There are new restrictions on the release of financial information on NAMA. I am shocked that the Minister has introduced a provision excluding records “advising on or managing public infrastructure projects, including public private partnership arrangements”. It is impossible even for the Committee of Public Accounts to obtain information on these arrangements.

The Minister is playing to the big boys who want to be involved in PPPs and bringing in new restrictions on information on PPPs. Last year he announced €800 million in PPPs for health centres, but it has not yet happened. We want to know what is happening with some of these health centres where Ministers are involved. The provision being introduced to prevent people from getting information on PPPs is a scandal and if the Minister thinks about it, he will have to reverse it.

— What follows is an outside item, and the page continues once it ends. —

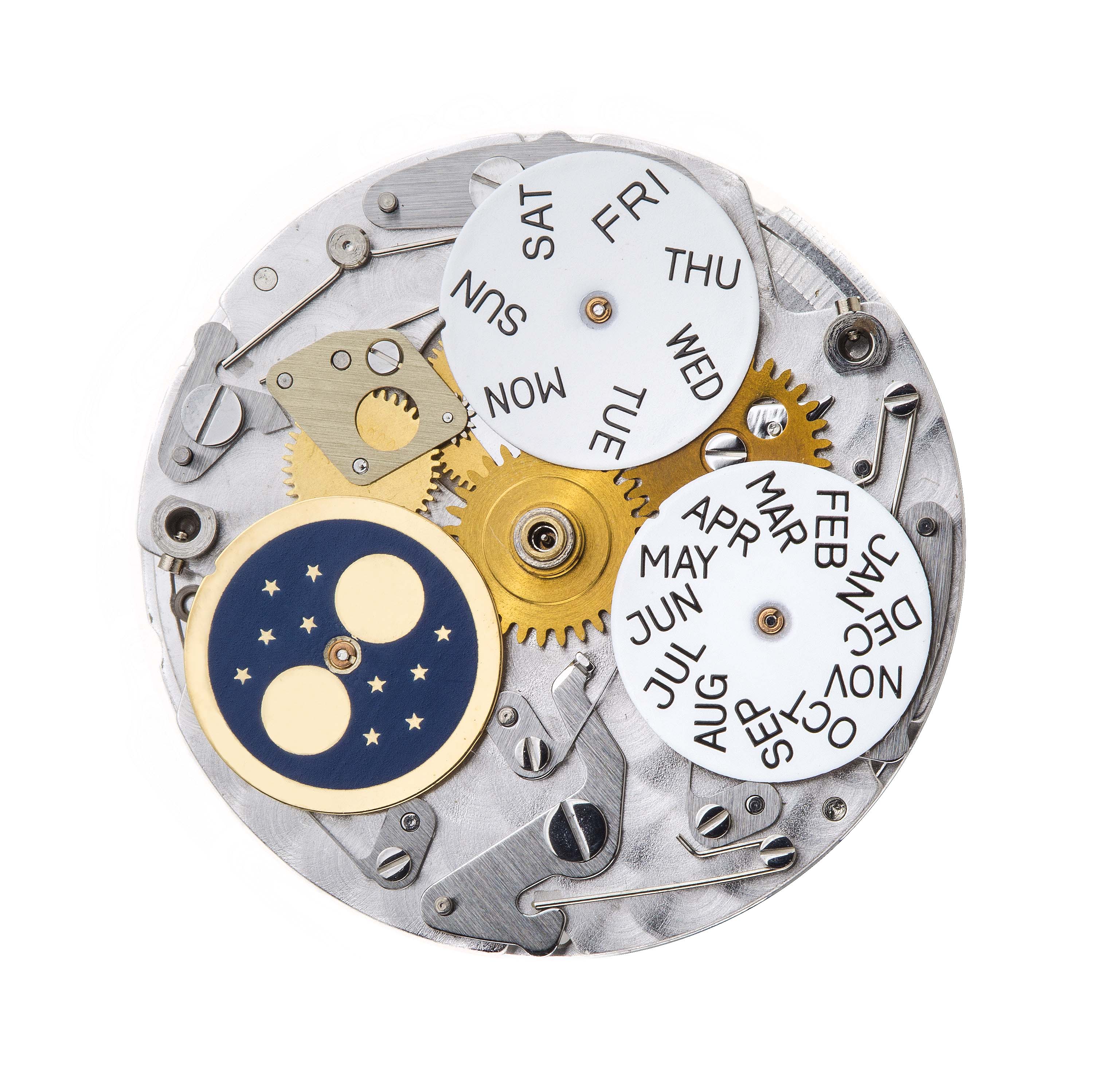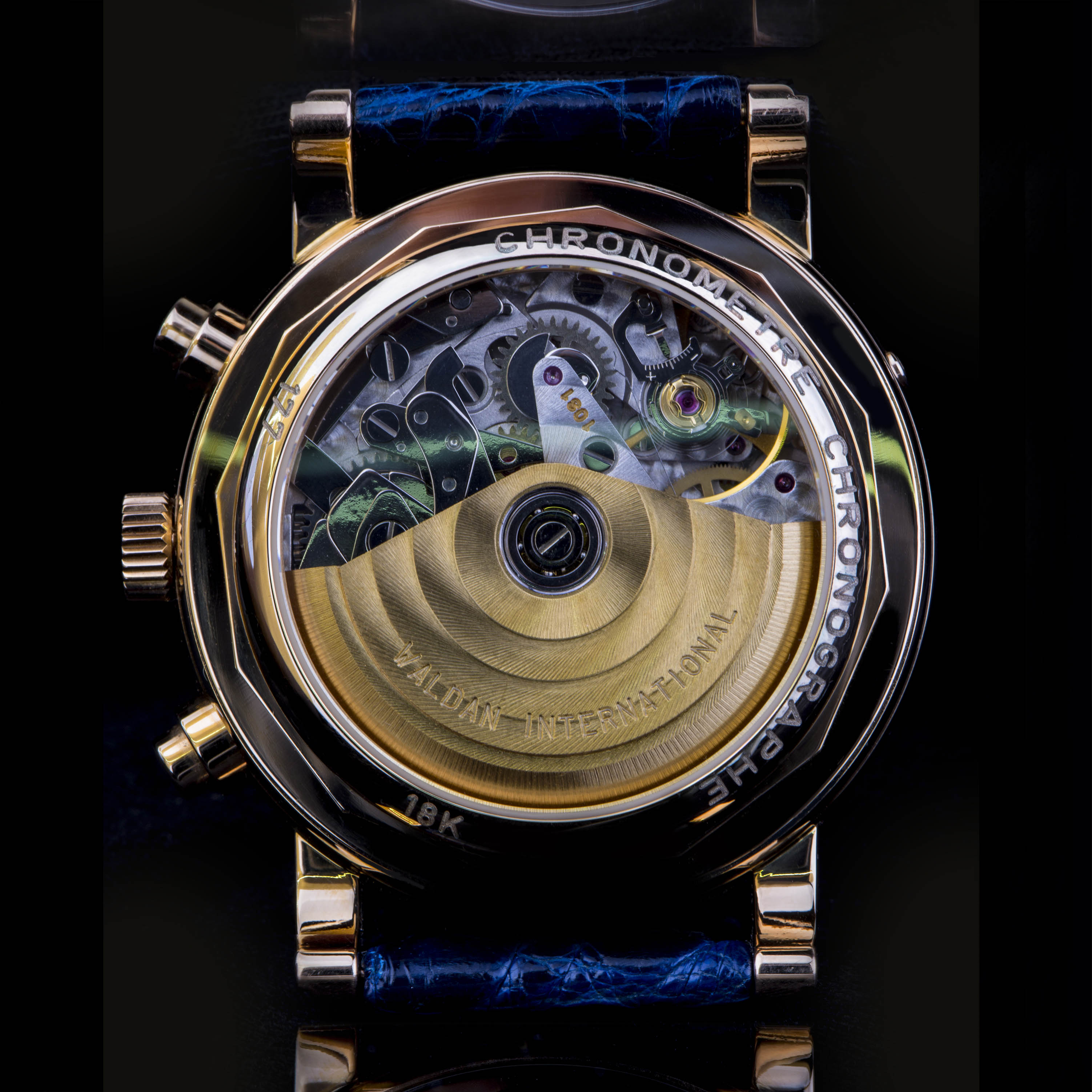COSC "Chronometer" certified Valjoux 7751 self-winding movement. 25 jewels, 28,800 vph/4Hz, 42-hour power reserve. Incabloc shock absorption system; bidirectional ball bearing winding rotor; flat self-compensating Nivarox hairspring; glucydur balance; highly polished screws. Cotes de Geneve finishing, 13-1/4 ligne 30mm diameter, 7.9mm thick.

We want to see that happen. I want the code of practice, to which the Minister has said staff shall have regard, to be mandatory.

On page 73 there is an item which I am shocked the Minister has included in the legislation. I have said this several times. Regarding the Labour Relations Commission and the Labour Court, as part of the Haddington Road agreement, the Minister's Department issued several letters on public sector management to the different sections and they are all hidden from the public, even though it pays for this.

My most serious concern in the legislation concerns the new provision regarding staff at the National Treasury Management Agency, NTMA, which covers the National Asset Management Agency, NAMA, the National Pensions Reserve Fund, NPRF, and the National Development Finance Agency, NDFA. It is a shock that the Minister is doing this. The big boys, the money people, have got the Minister. Regarding these organisations, he is excluding from FOI information "concerning the terms and conditions on which a person holds a position as a member of staff of the agency, other than when that information is contained in records in summary or collective form such that individuals cannot be identified from the record". He is providing for the highest paid public servants to have a new exemption under freedom of information legislation in order that their terms and conditions cannot be made public. It is a disgrace and the Minister will have to reverse it. The financial sector has got to him to protect the people concerned. He must withdraw this new secrecy provision for those involved in NAMA, the NPRF and the NTMA. I will include all of these items as amendments on Committee Stage.